There is also a high prevalence of vitamin D deficiency/insufficiency and asthma in black inner-city youth in Washington DC (Freishtat et al, 2010). We can clearly see that, even though black Americans have stronger bones than white Americans and vitamin D predicts bone strength, the fact that blacks have stronger bones than whites even while being deficient in vitamin D on average does not mean that black Americans should not supplement with vitamin D, since it would ameliorate many other problems they have that are related to vitamin D deficiency.
There are also racial differences in prostate cancer (PCa) acquisition too, and vitamin D deficiency may also explain this disparity (Khan and Partin, 2004; Bhardwaj et al, 2017). I have heavily criticized the explanations that testosterone influences PCa, while having indicated that environmental factors such as diet and vitamin D deficiency may explain a large amount of the gap (Batai et al, 2017; but see Stranaland et al, 2017 for a contrary view). Since low vitamin D is related to prostate cancer, by supplementing with vitamin D, it is possible that levels of PCa may decrease. Kristal et al (2014) show that both high and low levels of vitamin D are associated with PCa.
Evidence also exists that vitamin D levels and hypertension are related. Rostand (2010) proposes a unified hypothesis: an important role exists in vitamin D deficiency and the pathogenesis and maintenance of hypertension in blacks (Rostand, 2010).
(From Rostand, 2010)
Since black Americans are no longer near the equator, their ability to synthesize vitamin D from UVB rays is diminished. This then probably leads the RAS (renin-angiotensin system) and inflammatory cytokine activation which then leads to vascular endothelial dysfunction along with structural changes to the microvasculature, which have been linked to vascular (arterial) stiffness along with increased vascular resistance, and these changes are shown to precede hypertension, which also occurs early in life. So since blacks are deficient in vitamin D, which even starts in the womb (Bodnar et al, 2007; Dawodu and Wagner, 2007; Lee et al, 2007; Khalessi et al, 2015; Seto et al, 2016), and this vitamin D deficiency most likely produces changes in large and small arteries and arterials, this could be the explanation for higher hypertension in black Americans (Rostand, 2010: 1701).

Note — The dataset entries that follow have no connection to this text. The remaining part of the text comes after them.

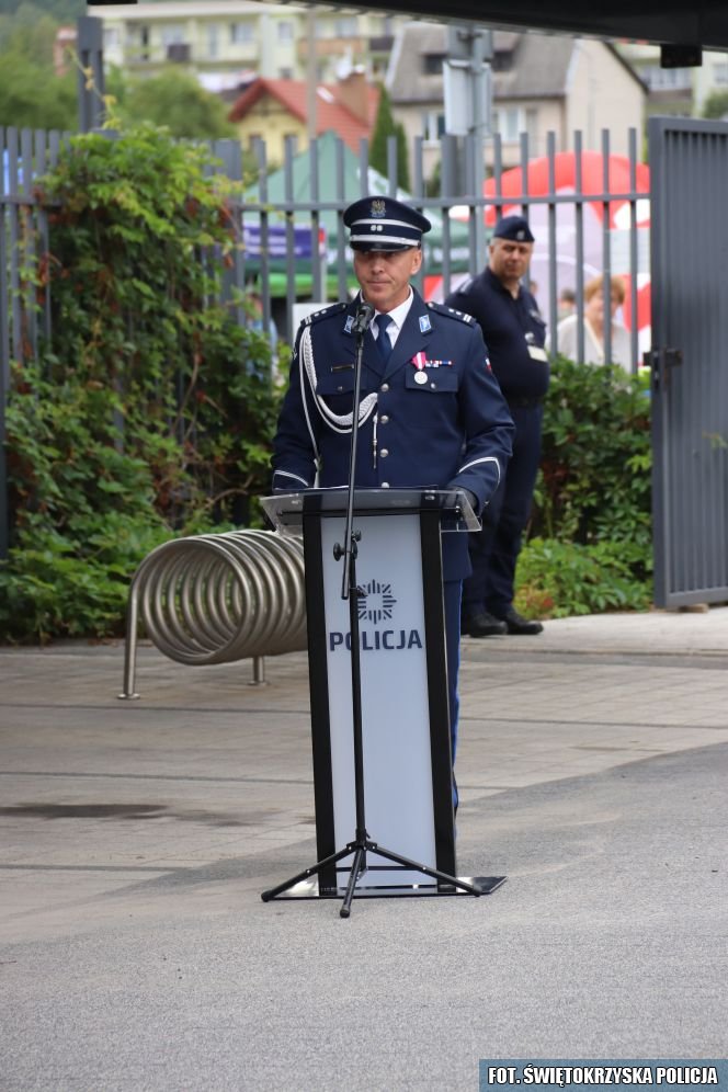 W czwartkowe przedpołudnie skarżyscy policjanci uroczyście obchodzili swoje święto. Powiatowe obchody Święta Policji rozpoczęły się mszą w Parafii pw. Św. Rocha w Mroczkowie, a dalsza ceremonia odbyła się na placu apelowym skarżyskiej komendy. W uroczystościach udział wziął Zastępca Komendanta Wojewódzkiego Policji w Kielcach mł. insp. Marcin Chatys a także samorządowcy, przedstawiciele wojewódzkich i lokalnych władz, miejscowych instytucji oraz rodziny policjantów.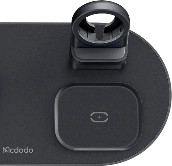 Fără ghemuri de cabluri. Stația wireless elegantă MCDODO 3 în 1 consolidează încărcarea telefonului, ceasului și căștilor într-un singur loc. Oferă suport MagSafe pentru iPhone și este compatibilă retroactiv cu standardele 10 W / 7,5 W / 5 W, asigurând alimentare rapidă și fiabilă pentru o gamă largă de dispozitive, inclusiv anumite telefoane Android.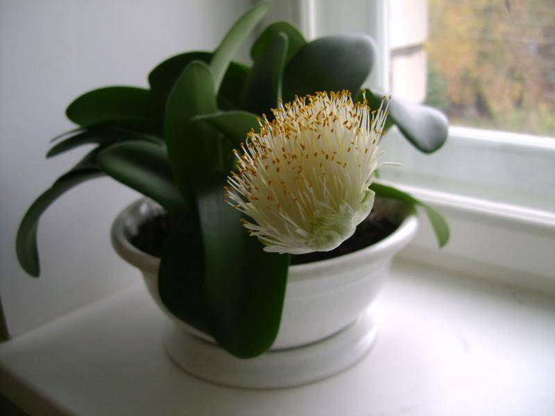 ประเภทที่พบบ่อยที่สุด มีดอกปุยสีขาวและใบอ้วนขอบหยัก การออกดอกเกิดขึ้นในช่วงฤดูใบไม้ร่วง - ฤดูหนาว บนพื้นฐานของสายพันธุ์นี้พันธุ์ผสมของ hemantus ส่วนใหญ่ได้รับการผสมพันธุ์

This would be a large environmental mismatch: since the population is displaced from its ancestral homeland, then this causes problems since it is not the environment where their ancestors evolved. So in this case, since black Americans are concentrated in the southeast corner of the United States, this may explain the high rates of vitamin D deficiency and hypertension in the black American community.
People whose ancestors evolved in locations with fewer UVB rays have lighter skin, whereas people whose ancestors evolved in locations with more UVB rays have darker skin. Thus, by placing populations in their opposite evolutionary environment, we can see how and why deleterious effects would occur in the population that is in the mismatched environment. For whites, skin cancer would occur, whereas for blacks, higher rates of hypertension and low birth weights occur.

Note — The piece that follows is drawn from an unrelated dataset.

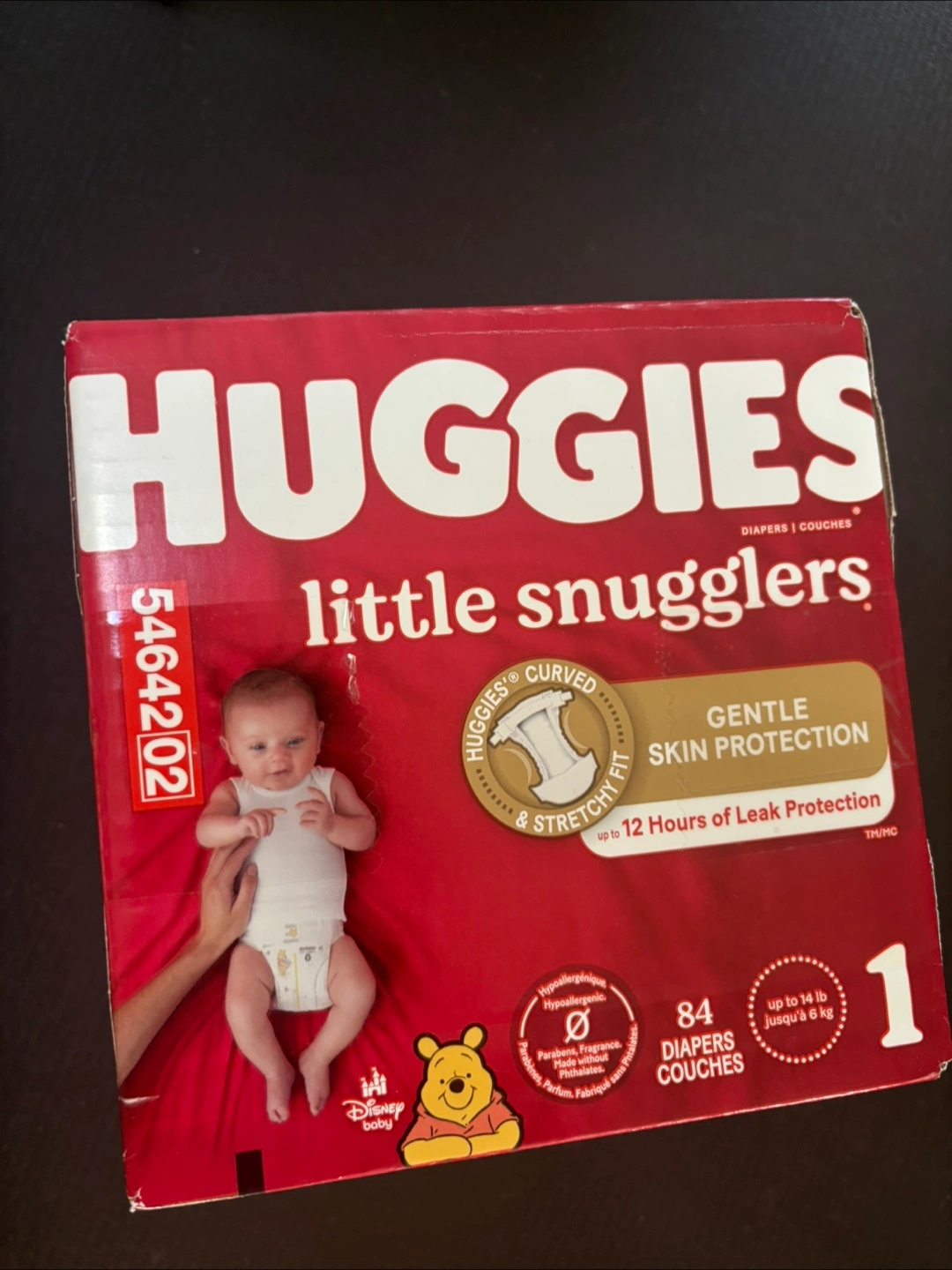 Selling a box of Huggies Little Snugglers diapers in size 1. The box contains 84 diapers, perfect for gentle skin protection and up to 12 hours of leak protection. They're designed with a curved and stretchy fit for your little one. Comes from a smoke-free home!

Looking at levels of vitamin D deficiency in races is a great way to understand the evolution of certain populations. Because if the vitamin D hypothesis is correct, if skin color is an adaptation to UVB rays, with light skin being an adaptation to low UVB while dark skin is an adaptation to high UVB, then we can safely hypothesize about certain problems that would arise in races that are outside of their natural habitats. We have confirmed these hypotheses—black Americans who are outside of the location that their ancestors evolved in are more likely to have deleterious symptoms, and the symptoms are due to differences in vitamin D production, which come down to differences in skin color and how the skin synthesizes vitamin D in low-light environments.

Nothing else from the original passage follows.